Our Sahara Retreat
We visited the Sahara Desert for two nights on December 20, 2014. In the town of M’hamid, we made arrangements with a tour company and departed the same day. The package included transportation via a 4×4 vehicle to Erg Chigaga sand dunes, accommodation, food, dromedaries ride, and sand boarding. We drove the 60 km (37 miles) between M’hamid and Erg Chigaga contemplating the resiliency of the desert. After a few days of heavy rain, a river that had been gone for almost 6 years was back to life and green plants were happily growing over the apparently inert soil.Ā
From the car, our guide talked to us about a poisonous plant that animals and nomads in the Sahara do not eat because it causes blindness. He also asked the driver to stop so we can taste the new rocket sparkling from the grounds after the blessing rains, great for salad! “Animals and Nomadic people of the Sahara are happy,” he said, “those few days of rain brought life back to the desert for the next 5 years,” he ensured. During the 2-hour drive, we entered the largest subtropical hot desert in the world, and witnessed many different landscapes, small tents and shelters of the nomadic people, an oasis with a precious source of water, men walking their dromedaries, and women keeping an eye on their goats.

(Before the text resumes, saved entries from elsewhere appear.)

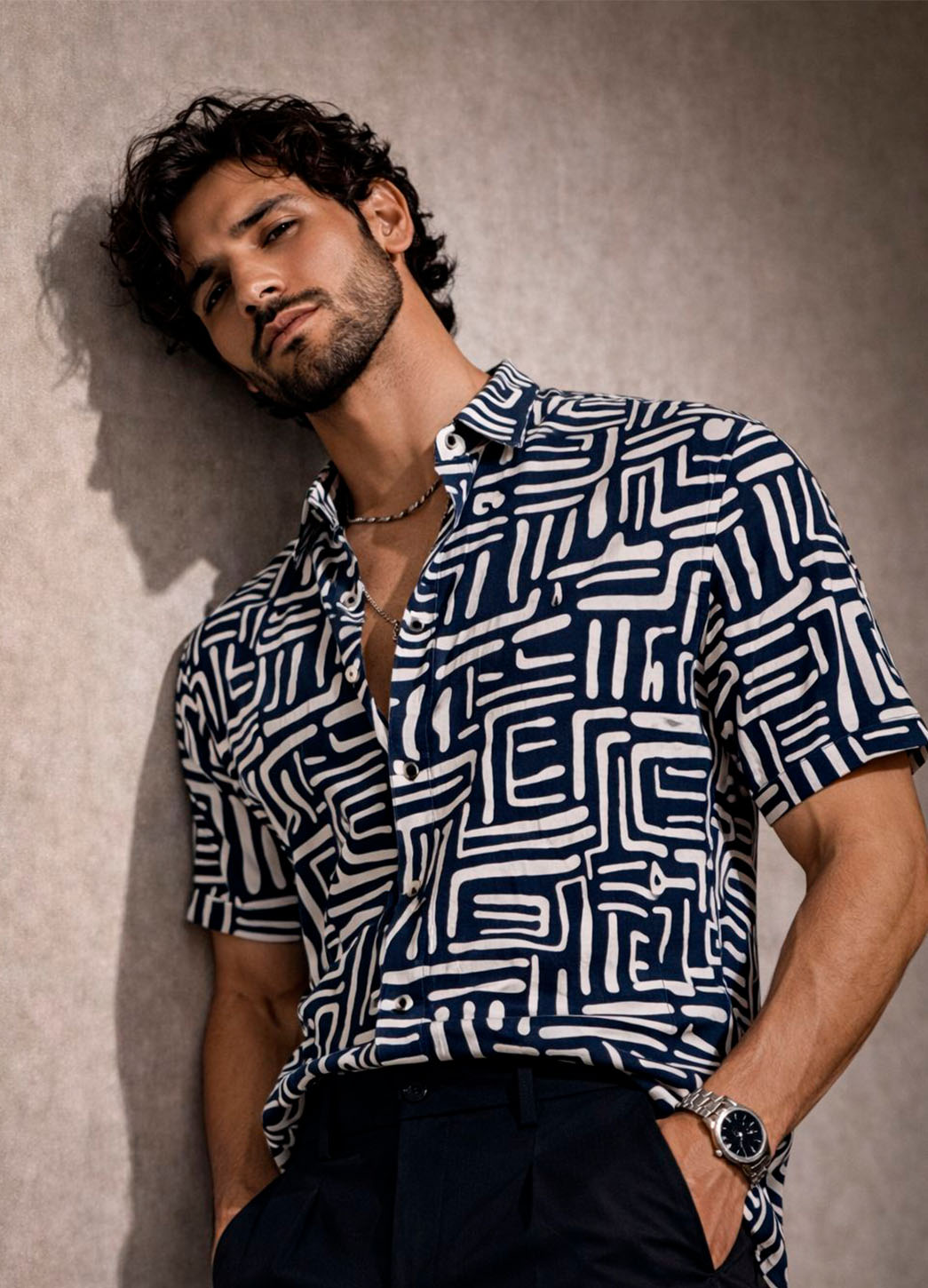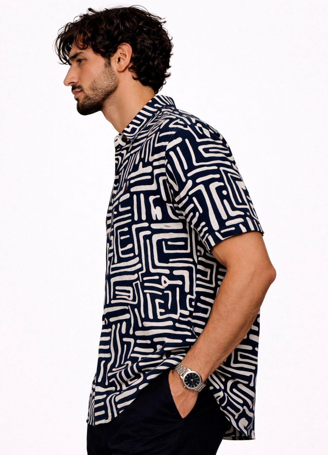 La camisa Bhuk destaca por su patrón orgánico de líneas fluidas que crean un efecto visual dinámico y contemporáneo. Su contraste en tonos oscuros y claros aporta carácter y versatilidad, convirtiéndola en una pieza ideal para looks relajados con un toque sofisticado.
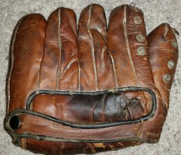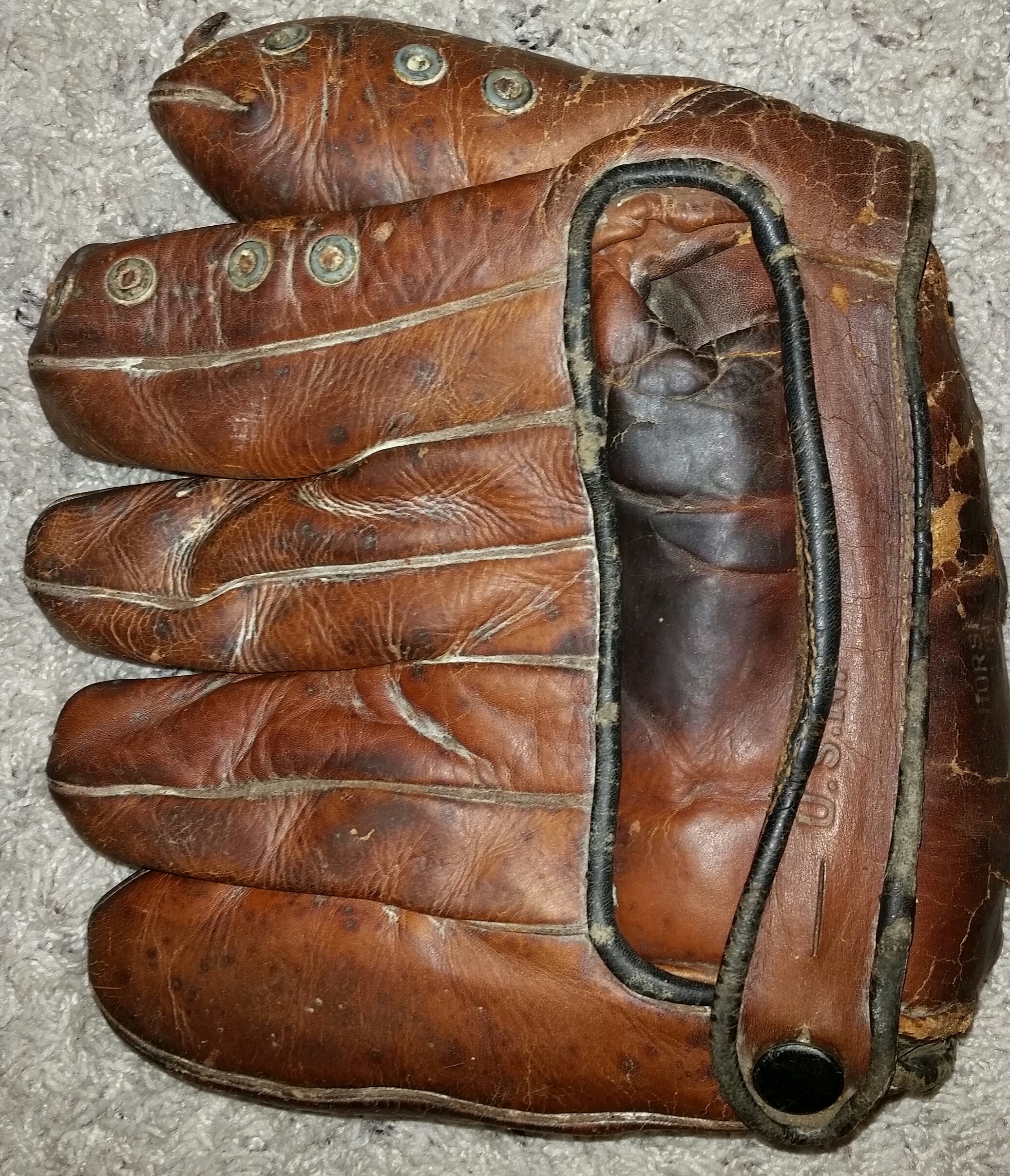 The wrist strap is slightly rolled over the “U.S.N” stamped lettering. Notice the missing webbing and lacing between the thumb and index finger.
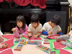 製作の時間には、12月のクリスマス会に向けた「帽子作り」を行いました。
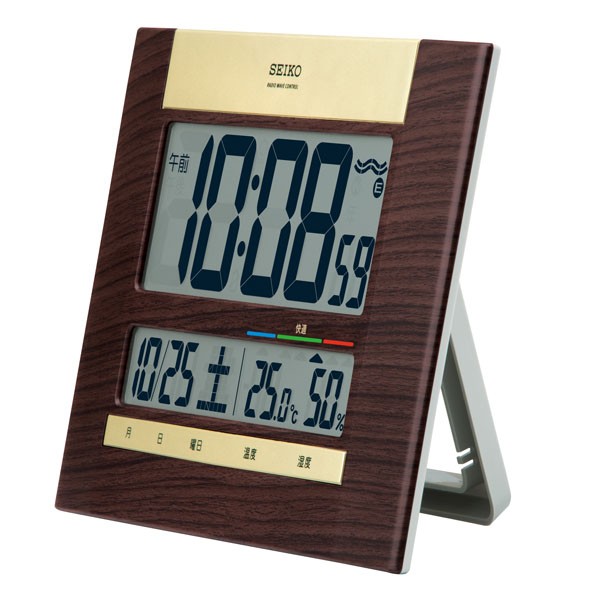 | 木目模様で高級感のある、薄型設計の掛置兼用クロック。 温湿度表示に加え、快適度表示が健康管理を応援。 枠材=プラスチック枠 、前面:ガラス サイズ・重さ=180x260x22mm 470g、174x260x81mm置いた状態 電池=単3(マンガン)×2、(電池寿命約1年間) 機能=電波修正機能(40kHz/60kHz自動選局・受信OFF機能つき)、2099年までのフルオートカレンダー機能、温湿度表示(温度測定範囲:0℃〜40℃ 測定精度:±2℃ 湿度測定範囲:25%RH〜85%RH 測定精度:±8%(25℃))、快適度表示(6段階)、12時間制/24時間制切替式、置用スタンドつき セイコーの目覚まし時計を全部見る>> |
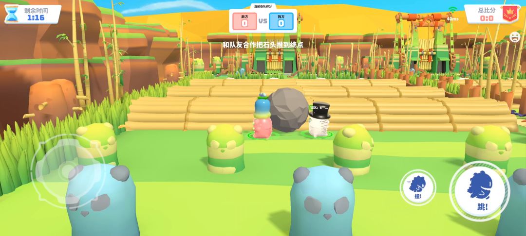 在这一关卡里,与小伙伴一起合作,把石头推到重点,先抵达的队伍获胜哦~
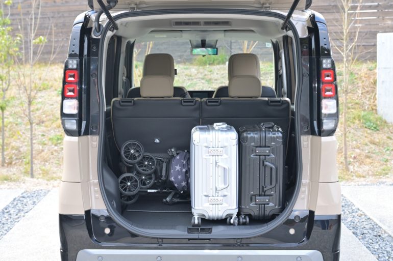 今回の“わんこと行くクルマ旅”の乗車フォーメーションは、前席にボクたち夫婦、DOG DEPTのドッグベッドを設置した後席右側に愛犬のアーモンドが乗車。後席左側に寒さに備えたダウンジャケット2着、後席を前方にスライドさせ奥行きを拡大したラゲッジルームに機内持ち込みサイズのキャリーケース2個、折り畳み式ペットカートなどを積み込みました。ラゲッジルームはこのほかにもアーモンド用の荷物、保冷バッグも入る余裕がありました。ちなみに、新型デリカミニのラゲッジルームの寸法は、実測で開口部地上高620mm(4WD。2WDは590mm)、奥行き290~675mm(320mmの後席スライド位置による)、最小幅885mm、最低天井高1070mm~と、後席使用時でも広大。開口部地上高の低さ(4WDの620mmでも世界のステーションワゴンの平均値より低め)によって、キャリーケースやペットカートの出し入れも楽々です。今回ラゲッジフックも採用し、片側3か所(1個当たりの耐荷重は3kg)、左右6か所あるフックで、荷崩れなどを防ぐネットを取り付けることができ荷室の使い方を広げてくれます。
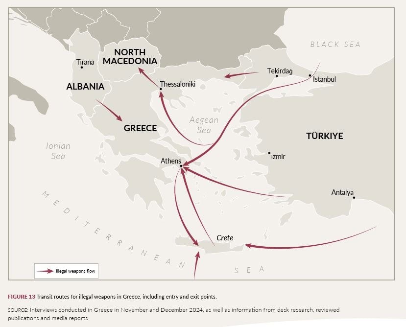 Τα παράνομα όπλα εισάγονται στην Ελλάδα μέσω χερσαίων και θαλάσσιων διαδρομών που αποτελούν μέρος των ευρύτερων βαλκανικών δικτύων.
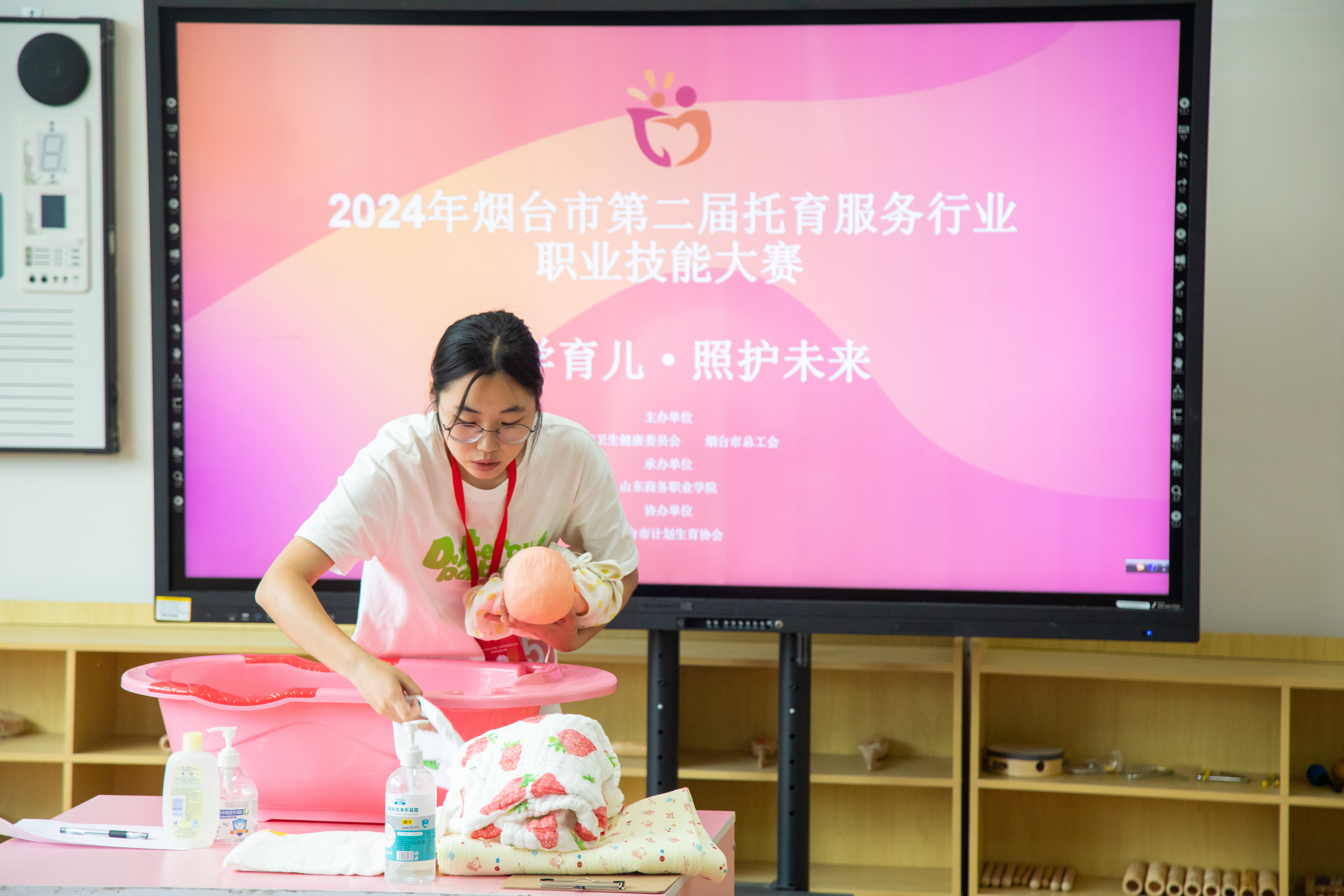 本站讯 7月16日,烟台市第二届托育服务行业职业技能大赛在我校成功举办。本次大赛由烟台市卫生健康委员会、烟台市总工会主办,我校承办,烟台市计划生育协会协办,旨在贯彻落实国务院办公厅《关于促进3岁以下婴幼儿照护服务发展的指导意见》,进一步提升烟台市婴幼儿照护服务行业的质量与水平,强化托育行业人才队伍建设和发展。
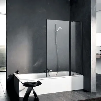 Шторка на ванну Kermi Pega 109-111.5хh150см, крепление справа, черный soft, стекло прозрачное, PE DTR 11015.AK черный soft

Once in Erg Chigaga the view of what seemed endless sand dunes filled us with excitement. The beautiful and comfortable camp functioning with solar energy became our home for the next two nights. Delicious Moroccan tea, tagines, and couscous were our delights. By chance, we had picked the perfect time to visit the Sahara, it was a new moon and its absence made it perfect for the rest of constellations to appear in the night show. The temperatures during the day and night were never as extreme as we had imagined them for a desert winter. In the day it was sunny but fresh at the same time, quite pleasant. At night it was cooler but never freezing or unbearable like we feared. The busy tourist season begins with the Christmas holidays and ends in April of the following year. The days we were there, we only had to share the camp with another couple from the USA and the staff. The lack of tourists ensured the peacefulness and intimacy of our experience.
The first afternoon, we went on a dromedary ride from our camp to the sand dunes. We agreed to ride these animals after seeing them healthy and believing that they receive appropriate treatment by their owners. The ride was pleasant: we fused ourselves with the slow pace of the dromedaries and the deep silence of the desert. At the end of the trip, the huge sand dunes were expecting us. We walked to the top of the dunes feeling both excited and submerged into their quicksand. The bright orange in contrast with the last rays of sun was simply beautiful! From the highest point we reached, Sal, a snow boarder at heart, fulfilled his dream of trying sand boarding for the first time. It was not as easy as we thought, but it was fun sitting on the board and going downhill on our butts. š On the second day, we walked twice from the camp to the sand dunes, enjoying the texture of crushing the dry clay that form after the sand dries. From the top of the dunes, we witnessed the sunset for a second time.
Berber Music
The first night we welcomed the winter solstice under the most beautiful starry night we have seen in our lives so far. While around the fire, we listened to the drums and songs of the traditional Berber music of the nomadic people, wishing our loved ones could also be present. We watched and tasted the delicious sand bread made in the fire. The spectacular stars and Milky Way made us think about the immensity of the universe from which we are just a minuscule part. We thought about the time in which humans made sense of life based on their surroundings, the importance of nature, the sun, the moon, the stars, the rain, the seasons, etc. When the idea of “one God” was unheard of because no single power could explain the perfection of Earth and how privileged we are to live on it.
Our trip to the Sahara Desert was without question one of the top experiences in our journey. We strongly recommended anyone to visit it and wish to return to this magical place at some point in our lives.